Gratuitous ARP Tuning

The vrrp_garp_* parameters control how aggressively the new MASTER announces its ownership of the VIP:

ParameterValuePurpose
vrrp_garp_master_delay5Delay (seconds) before first GARP after becoming MASTER
vrrp_garp_master_repeat3Number of GARP packets to send initially
vrrp_garp_master_refresh60Send periodic GARPs every 60 seconds
vrrp_garp_master_refresh_repeat2Number of GARP packets per refresh

Periodic GARP refresh is important in environments with switches that have short ARP cache timeouts. Without it, some switches may "forget" the MAC-to-IP mapping and fail to route traffic to the MASTER.

Virtual IP Addresses

The VIP is the address your DNS records point to. When the MASTER takes over, it sends a gratuitous ARP announcing it now owns that IP, causing network switches to update their MAC tables immediately.

Single VIP

virtual_ipaddress {
    192.168.1.100/24 dev eth0 label eth0:vip
}

The label eth0:vip makes the VIP visible with a clear name in ip addr show output, which helps during debugging.

Multiple VIPs

You can assign multiple VIPs for different services:

virtual_ipaddress {
    192.168.1.100/24 dev eth0 label eth0:web
    192.168.1.101/24 dev eth0 label eth0:api
    192.168.1.102/24 dev eth0 label eth0:admin
}

Multi-Interface VIPs

For environments with separate networks for different traffic types:

virtual_ipaddress {
    192.168.1.100/24 dev eth0 label eth0:vip
    10.0.0.100/24 dev eth1 label eth1:internal
}

Active-Active with Multiple VRRP Instances

Instead of having one active and one standby node, you can run active-active by splitting VIPs across two VRRP instances. Each node is MASTER for one VIP and BACKUP for the other:

# On LB1:
vrrp_instance VI_WEB {
    state MASTER
    virtual_router_id 51
    priority 110
    virtual_ipaddress {
        192.168.1.100/24
    }
}

vrrp_instance VI_API {
    state BACKUP
    virtual_router_id 52
    priority 100
    virtual_ipaddress {
        192.168.1.101/24
    }
}
# On LB2:
vrrp_instance VI_WEB {
    state BACKUP
    virtual_router_id 51
    priority 100
    virtual_ipaddress {
        192.168.1.100/24
    }
}

vrrp_instance VI_API {
    state MASTER
    virtual_router_id 52
    priority 110
    virtual_ipaddress {
        192.168.1.101/24
    }
}

With this setup, DNS routes www.example.com to 192.168.1.100 (handled by LB1) and api.example.com to 192.168.1.101 (handled by LB2).
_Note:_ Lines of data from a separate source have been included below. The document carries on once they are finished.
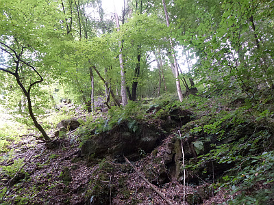Rund um Flur 36 bleibt in die ansteigenden Berghänge hinein noch ein begrenzter Rest der Gemarkung übrig. Von der Höhe des Fronholzberges herab läuft die Gemarkungsgrenze auf die Ecke des Mühlenwehres zu. Im auslaufenden Fronholzberg steht hoch das Wahrzeichen von Kordel, die "Kauley" = an Kaulen und Schrunden reich. Im Zusammenhang ist das ganze Felsenmassiv mit seinem mittelschichtigem, zum "Oberen Buntsandstein" hin tendierenden Sand und seinen Höhlenbildungen geologisch von Interesse. Das Bruderhäuschen bot einem Eremiten durch Jahrhunderte eine Behausung an, und die "Häl" = Hölle war mit den anderen Kauleyhöhlen im letzten Krieg für die Dorfbevölkerung als Bunker rettender Zufluchtsort.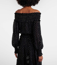With a mission to celebrate women in every design, Self-Portrait has built a strong cult following for its graceful aesthetic. Complete with gold-toned metallic-effect polka dots, this top is an off-shoulder piece with a shirred neck and hemline. Product Details - Material: 99% viscose, 1% metallic fibres - Care instructions: dry clean - Made in China - Color: black - Designer color name: Black - Item color: black, silver - Cuff: elasticated - Elasticated waistband - Item number: P01127455 Size & Fit - True to size - Off-the-shoulder - Loose fit, elasticated waist - Non-stretchy fabric - Slightly cropped - The model seen in the picture is 178cm-5'10" and wearing a size UK 8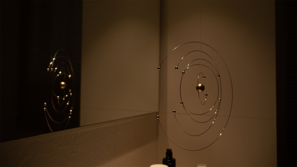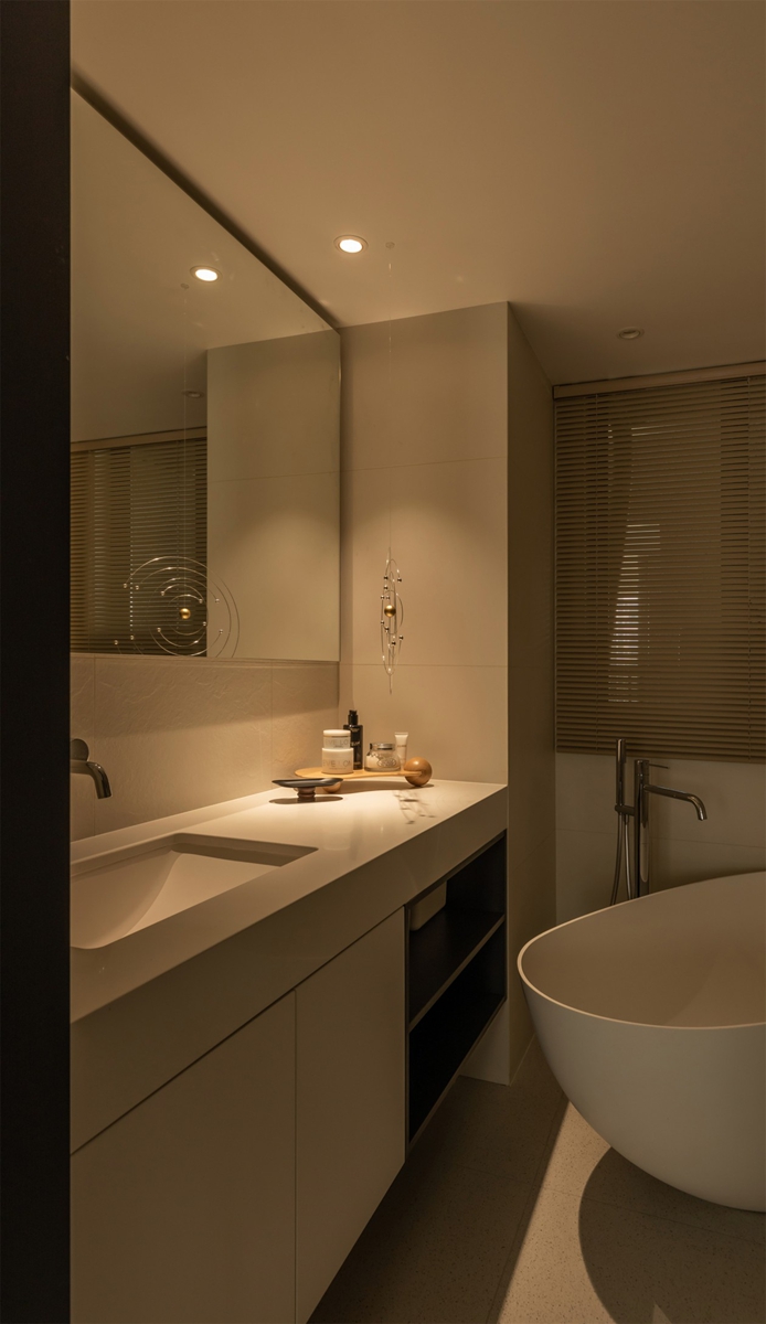 独立浴缸如一块被月光打磨的白玉,静候水与香氛的拥抱;木质小几托着香薰与烛火,让沐浴时刻成为一场私人疗愈仪式。墙面的艺术摆件与扭曲时钟,将“时间感”悄然解构——在这里,水流声是最好的背景音,每一次泡澡都是与自己的深度约会。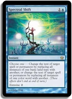 Choose one - Change the text of target spell or permanent by replacing all instances of one basic land type with another; or change the text of target spell or permanent by replacing all instances of one color word with another. <i>(These effects don't end at end of turn.)</i>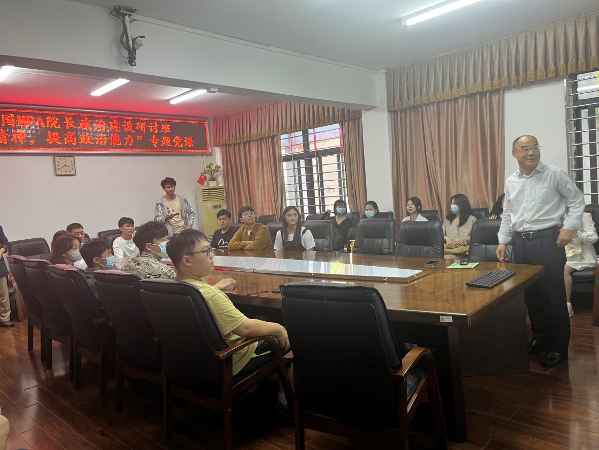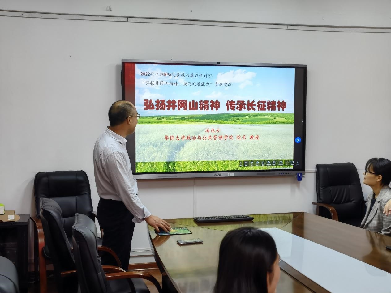 为进一步落实和宣传本次研讨班的主要内容和重要精神,2022年10月20日下午,2022年全国MPA院长政治建设研讨班“弘扬井冈山精神,提高政治能力”专题党课进行,本次党课主题为“弘扬井冈山精神,传承长征精神”,由华侨大学政治与公共管理学院教授、公共管理硕士(MPA)教育中心主任汤兆云主讲。学院部分老师、硕士研究生参加了本次党课。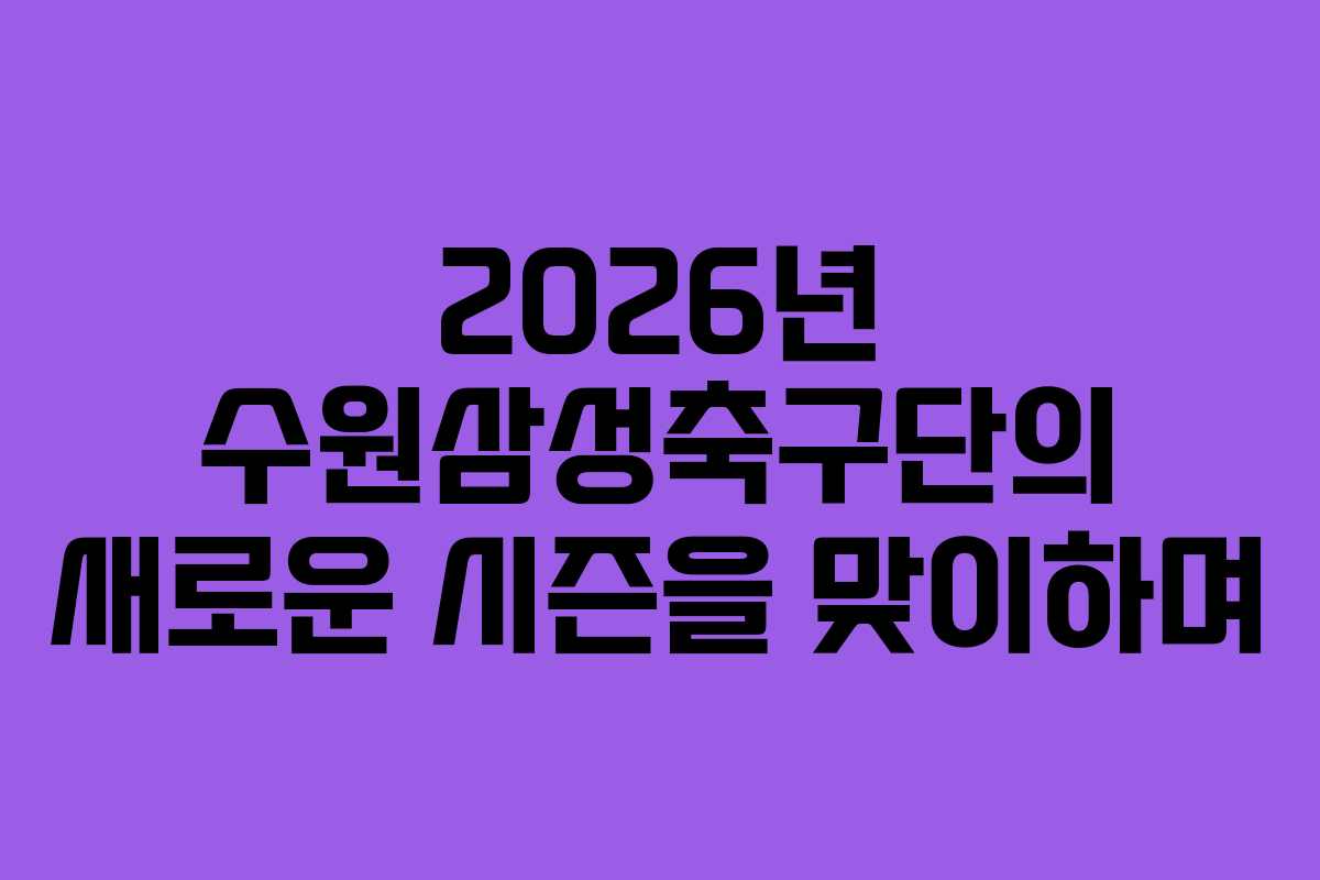 2026년이 시작되면서 많은 축구 팬들이 기다려온 시즌이 드디어 개막하였습니다. 수원삼성축구단은 올해도 많은 관심과 사랑을 받으며 새로운 도전의 길에 나섰습니다. 특히 이정효 감독님의 리더십 아래 팀은 강력한 전력을 갖추고 있어 팬들의 기대감이 큽니다. 이번 시즌의 시작은 단순한 경기를 넘어, 팬들과의 소통과 응원의 장이 될 것입니다.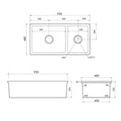 - Inner bowl dimensions: 400 x 440 x 232mm / 400 x 330 x 232mm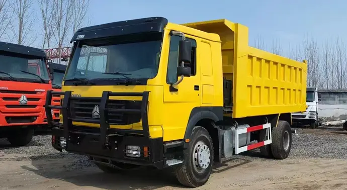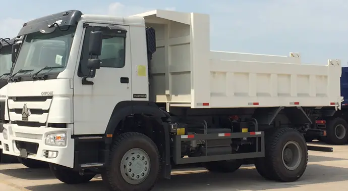 Sinotruk Howo 4X2 Dump Truck has its flexibility for short distance transport and suitable for narrow area. Best choice for small tonage and village construction purpose. Used to convey loose materials like sands, pebbles, soils, building materials, coals, ores, crops, farm products, etc. A dump truck is usually installed with a hydraulic motivated open-box bed hinged at the rear. The front of this open-box can be lifted up so that the materials are discharged on the ground behind the truck.

Both nodes are actively serving traffic, and either can absorb the other's load during a failure.

Health Check Scripts

The vrrp_script block defines health checks that influence the MASTER election. When a check fails, the node's effective priority drops by the weight value. If this drops the MASTER below the BACKUP's priority, failover occurs.

Basic Process Check

vrrp_script chk_haproxy {
    script "/usr/bin/killall -0 haproxy"
    interval 2      # Check every 2 seconds
    weight -20      # Subtract 20 from priority on failure
    fall 3          # Mark as failed after 3 consecutive failures
    rise 2          # Mark as recovered after 2 consecutive successes
    timeout 2       # Script timeout in seconds
    user root       # User to run the script as
}

The killall -0 command checks if a process exists without sending any signal. Exit code 0 means the process is running; non-zero means it is not found.

HTTP Health Check

For a deeper check that verifies the load balancer is actually serving traffic, not just that the process exists:

#!/bin/bash
# /etc/keepalived/check_http.sh

# Check if HAProxy is responding to HTTP requests
response=$(curl -s -o /dev/null -w "%{http_code}" \
    http://127.0.0.1:80/health \
    --max-time 2 \
    --connect-timeout 1)

if [ "$response" = "200" ]; then
    exit 0
else
    logger -t keepalived "HTTP health check failed: status=$response"
    exit 1
fi

HAProxy Stats Socket Check

The most thorough check queries HAProxy's stats socket to verify backends are available:

#!/bin/bash
# /etc/keepalived/check_haproxy_backends.sh

# Check if HAProxy is running
/usr/bin/killall -0 haproxy 2>/dev/null || exit 1

# Check if at least one backend server is UP
backend_status=$(echo "show stat" | socat stdio /run/haproxy/admin.sock 2>/dev/null | \
    grep "web_servers" | grep -c "UP")

if [ "$backend_status" -ge 1 ]; then
    exit 0
else
    logger -t keepalived "No healthy backends in web_servers pool"
    exit 1
fi

Nginx Health Check

For Keepalived paired with Nginx instead of HAProxy:

#!/bin/bash
# /etc/keepalived/check_nginx.sh

# Check if Nginx master process is running
if ! /usr/bin/pgrep -x nginx > /dev/null 2>&1; then
    logger -t keepalived "Nginx process not found"
    exit 1
fi

# Check if Nginx is actually responding
response=$(curl -s -o /dev/null -w "%{http_code}" \
    http://127.0.0.1/nginx_status \
    --max-time 2 \
    --connect-timeout 1)

if [ "$response" = "200" ]; then
    exit 0
else
    logger -t keepalived "Nginx status check failed: status=$response"
    exit 1
fi

Make all scripts executable:

chmod +x /etc/keepalived/check_http.sh
chmod +x /etc/keepalived/check_haproxy_backends.sh
chmod +x /etc/keepalived/check_nginx.sh

Weight Calculation

Understanding how weights interact with priorities is essential for correct failover behavior:

ScenarioMASTER PriorityWeightEffective PriorityBACKUP PriorityResult
All healthy1100110100LB1 is MASTER
HAProxy down (-20)110-2090100LB2 takes over
HTTP check down (-30)110-3080100LB2 takes over
Both checks fail110-5060100LB2 takes over

The rule: set weights so that the worst-case effective priority of the MASTER is always below the BACKUP's priority. If MASTER is 110 and BACKUP is 100, any weight of -11 or more will trigger failover.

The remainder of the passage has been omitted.